[Entries taken from a collection]
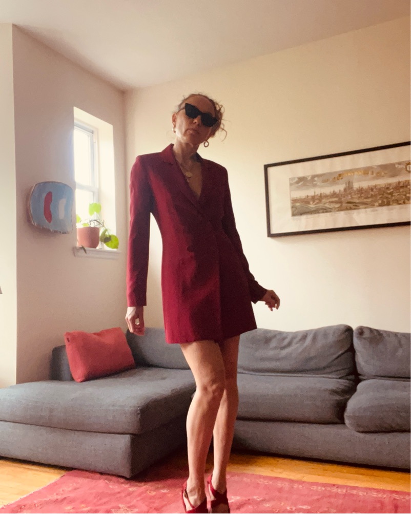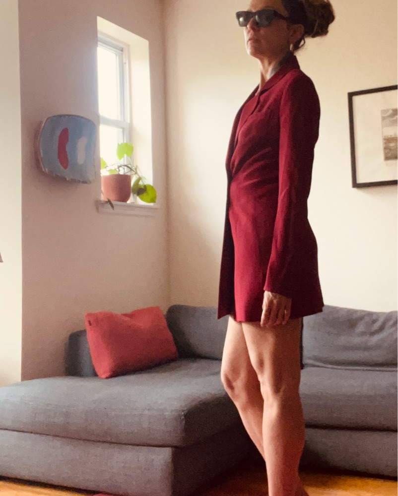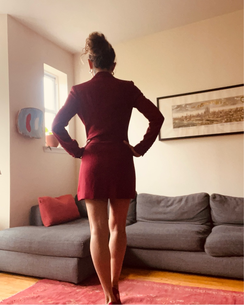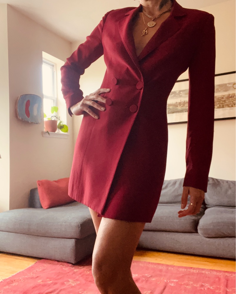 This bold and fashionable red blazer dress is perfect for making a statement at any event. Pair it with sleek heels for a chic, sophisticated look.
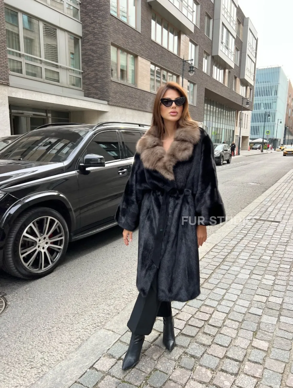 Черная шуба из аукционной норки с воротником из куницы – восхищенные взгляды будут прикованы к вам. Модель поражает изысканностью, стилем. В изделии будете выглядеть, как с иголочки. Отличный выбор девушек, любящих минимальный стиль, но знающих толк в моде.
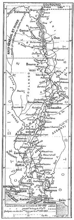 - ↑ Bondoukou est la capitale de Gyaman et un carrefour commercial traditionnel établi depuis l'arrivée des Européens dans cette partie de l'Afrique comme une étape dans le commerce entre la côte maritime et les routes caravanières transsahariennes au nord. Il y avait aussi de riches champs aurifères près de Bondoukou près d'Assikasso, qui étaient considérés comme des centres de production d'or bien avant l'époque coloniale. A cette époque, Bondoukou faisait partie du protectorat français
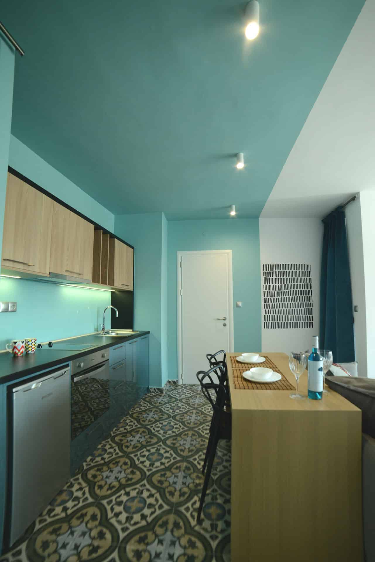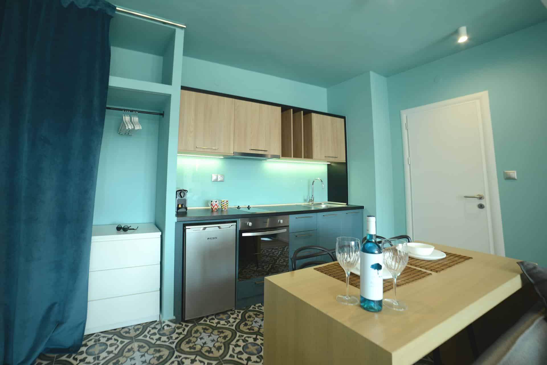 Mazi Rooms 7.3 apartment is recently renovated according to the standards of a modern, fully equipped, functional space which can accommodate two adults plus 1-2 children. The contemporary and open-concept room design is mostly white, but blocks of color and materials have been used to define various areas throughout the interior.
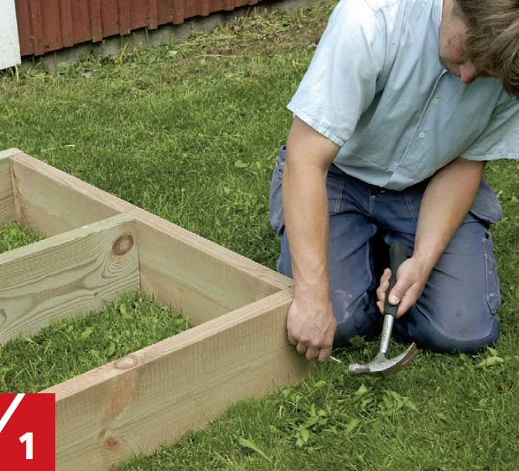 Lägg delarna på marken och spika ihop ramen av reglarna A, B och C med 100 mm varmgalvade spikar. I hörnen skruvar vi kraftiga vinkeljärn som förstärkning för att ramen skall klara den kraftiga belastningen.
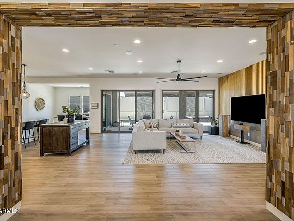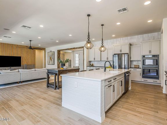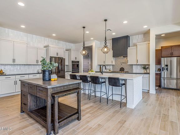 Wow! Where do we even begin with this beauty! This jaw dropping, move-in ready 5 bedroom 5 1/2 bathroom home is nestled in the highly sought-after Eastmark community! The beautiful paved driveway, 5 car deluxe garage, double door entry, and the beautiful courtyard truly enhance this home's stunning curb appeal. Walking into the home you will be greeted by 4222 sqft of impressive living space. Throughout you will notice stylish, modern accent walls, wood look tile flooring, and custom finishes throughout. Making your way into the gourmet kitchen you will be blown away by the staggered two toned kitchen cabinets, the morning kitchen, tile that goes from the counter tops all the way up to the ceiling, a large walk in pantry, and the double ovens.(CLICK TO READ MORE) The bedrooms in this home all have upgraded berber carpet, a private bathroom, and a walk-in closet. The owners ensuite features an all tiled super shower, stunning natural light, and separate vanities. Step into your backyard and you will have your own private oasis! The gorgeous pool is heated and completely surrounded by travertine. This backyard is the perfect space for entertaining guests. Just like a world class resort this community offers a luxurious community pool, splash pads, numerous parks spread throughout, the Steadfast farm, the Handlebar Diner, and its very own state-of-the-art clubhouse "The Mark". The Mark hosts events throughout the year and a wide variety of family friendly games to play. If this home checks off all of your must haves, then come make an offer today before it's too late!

INSTRUCTIONS TO FOLLOW:
From the entries above, output every line exactly and omit any image.

RESPONSE TO THE EXERCISE:
 This bold and fashionable red blazer dress is perfect for making a statement at any event. Pair it with sleek heels for a chic, sophisticated look.
 Черная шуба из аукционной норки с воротником из куницы – восхищенные взгляды будут прикованы к вам. Модель поражает изысканностью, стилем. В изделии будете выглядеть, как с иголочки. Отличный выбор девушек, любящих минимальный стиль, но знающих толк в моде.
 - ↑ Bondoukou est la capitale de Gyaman et un carrefour commercial traditionnel établi depuis l'arrivée des Européens dans cette partie de l'Afrique comme une étape dans le commerce entre la côte maritime et les routes caravanières transsahariennes au nord. Il y avait aussi de riches champs aurifères près de Bondoukou près d'Assikasso, qui étaient considérés comme des centres de production d'or bien avant l'époque coloniale. A cette époque, Bondoukou faisait partie du protectorat français
 Mazi Rooms 7.3 apartment is recently renovated according to the standards of a modern, fully equipped, functional space which can accommodate two adults plus 1-2 children. The contemporary and open-concept room design is mostly white, but blocks of color and materials have been used to define various areas throughout the interior.
 Lägg delarna på marken och spika ihop ramen av reglarna A, B och C med 100 mm varmgalvade spikar. I hörnen skruvar vi kraftiga vinkeljärn som förstärkning för att ramen skall klara den kraftiga belastningen.
 Wow! Where do we even begin with this beauty! This jaw dropping, move-in ready 5 bedroom 5 1/2 bathroom home is nestled in the highly sought-after Eastmark community! The beautiful paved driveway, 5 car deluxe garage, double door entry, and the beautiful courtyard truly enhance this home's stunning curb appeal. Walking into the home you will be greeted by 4222 sqft of impressive living space. Throughout you will notice stylish, modern accent walls, wood look tile flooring, and custom finishes throughout. Making your way into the gourmet kitchen you will be blown away by the staggered two toned kitchen cabinets, the morning kitchen, tile that goes from the counter tops all the way up to the ceiling, a large walk in pantry, and the double ovens.(CLICK TO READ MORE) The bedrooms in this home all have upgraded berber carpet, a private bathroom, and a walk-in closet. The owners ensuite features an all tiled super shower, stunning natural light, and separate vanities. Step into your backyard and you will have your own private oasis! The gorgeous pool is heated and completely surrounded by travertine. This backyard is the perfect space for entertaining guests. Just like a world class resort this community offers a luxurious community pool, splash pads, numerous parks spread throughout, the Steadfast farm, the Handlebar Diner, and its very own state-of-the-art clubhouse "The Mark". The Mark hosts events throughout the year and a wide variety of family friendly games to play. If this home checks off all of your must haves, then come make an offer today before it's too late!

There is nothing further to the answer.